But, if FSH-R was targeted for gestation term length in Finns and Yoruba, why? The iHS statistic in particular is sensitive to relatively recent selective events, in contrast to the other tests which the authors focused on which compare humans and non-humans across millions of years of evolutionary time (this is the case with most HARs measuring the rates of base pair substitution). All I can posit is that both Finns and Yoruba have gone through relatively recent population expansions due to the shift to agriculture.
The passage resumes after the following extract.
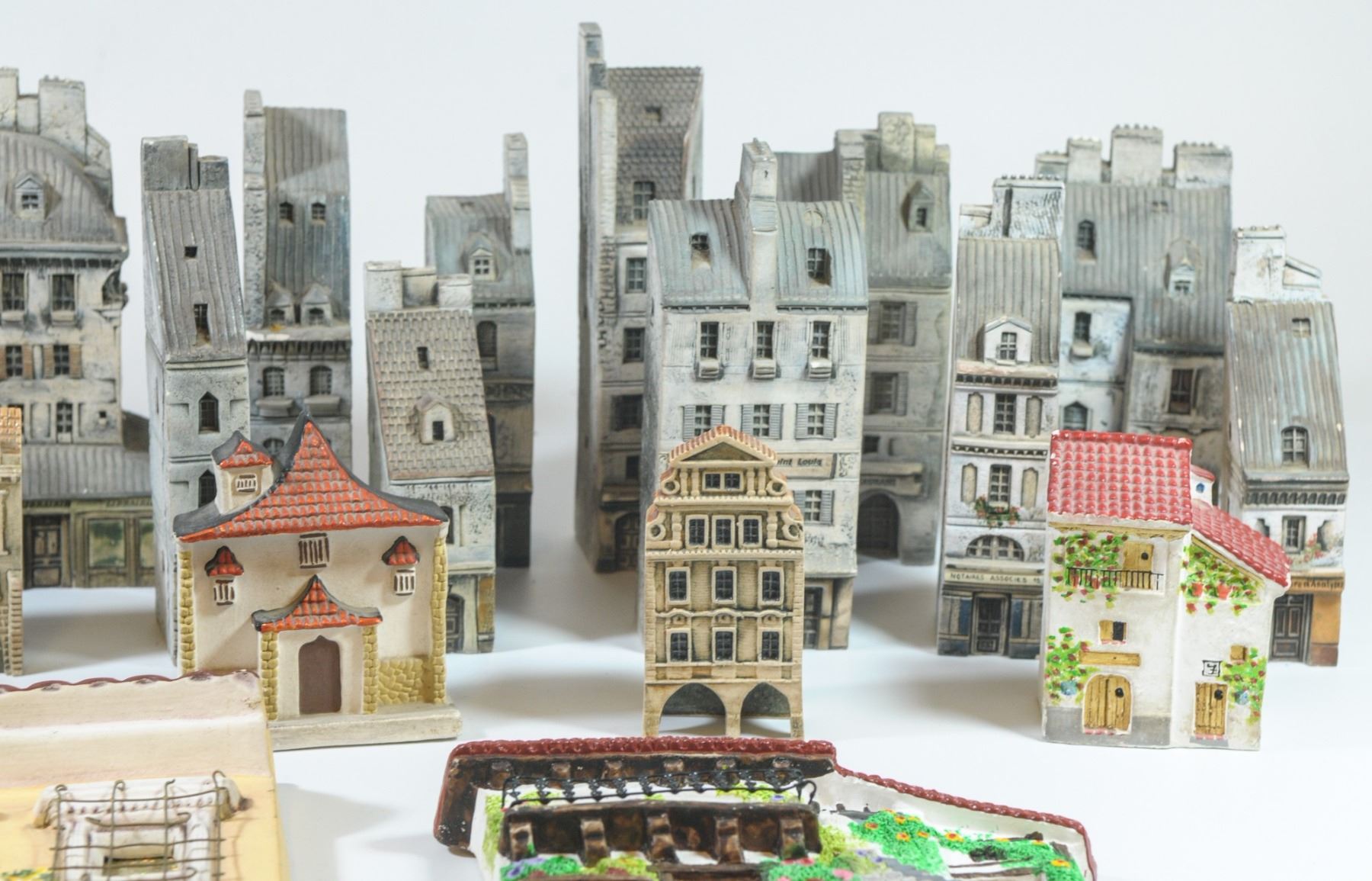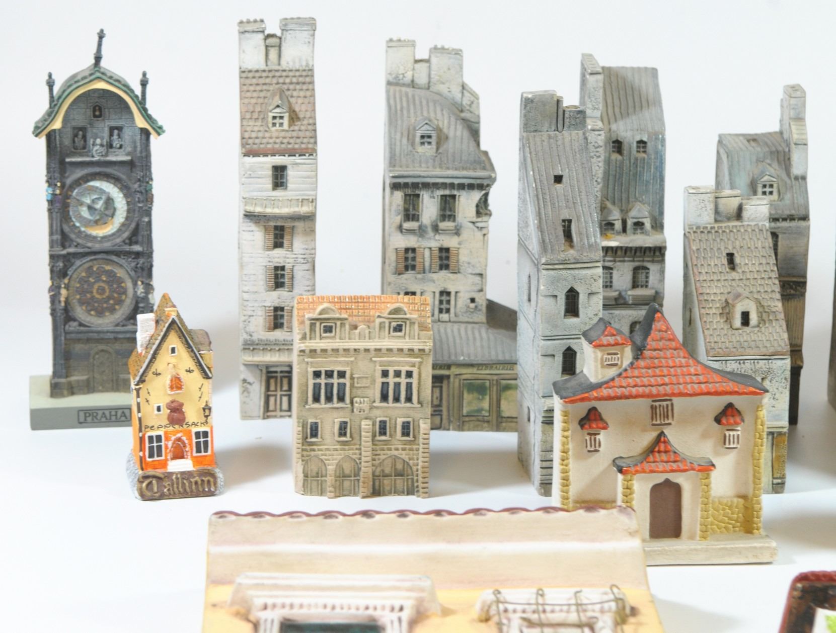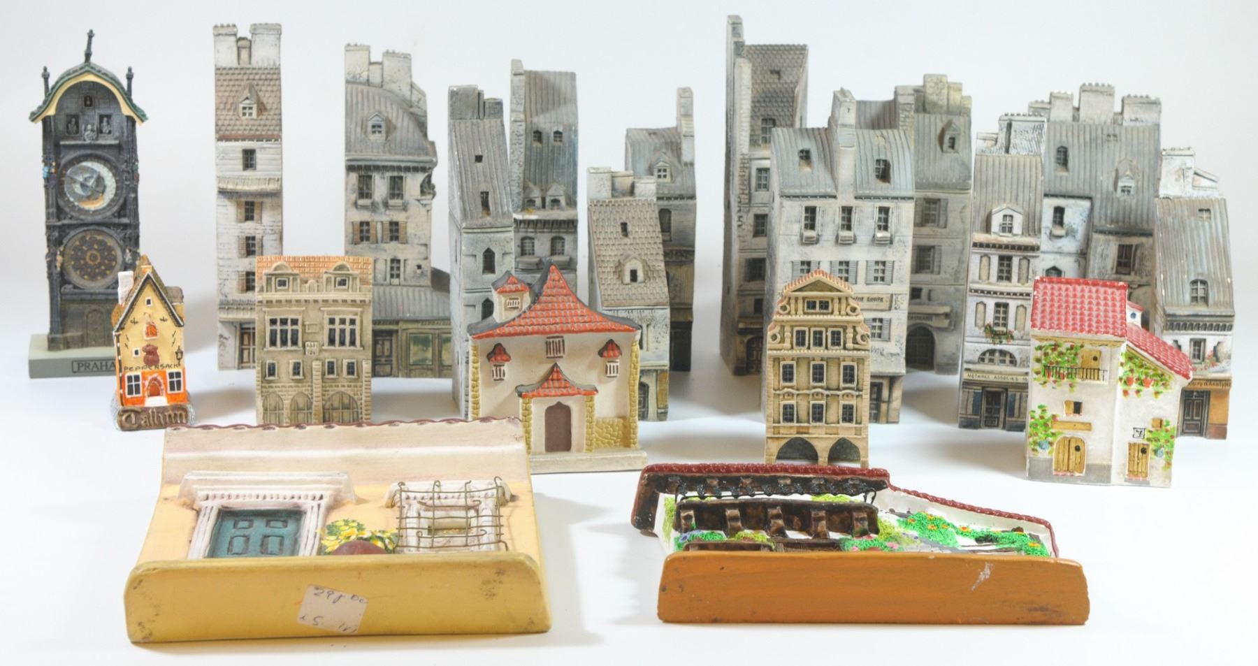 Collection of 20 house models, 12 are made of ceramic by J. P. Gault, and 8 additional house models, two of which are made of plaster and made for hanging. Height: 8-16 cm.

In a broad evolutionary framework once full genome sequencing becomes common one might want to compare populations which have had radically different demographic histories and see if there is genetic variation in gestation related genes. If the above iHS statistic for the Yoruba was not a false positive, then I would predict that the Bushmen would not exhibit a sweep, and would have a lower rate of preterm birth, all things controlled. In fact one would predict that populations which had experienced the Neolithic transition, and so constantly pushed up against the Malthusian trap with a high fertility and high mortality strategy, would have higher rates of premature birth than those groups which had not experienced such demographic changes.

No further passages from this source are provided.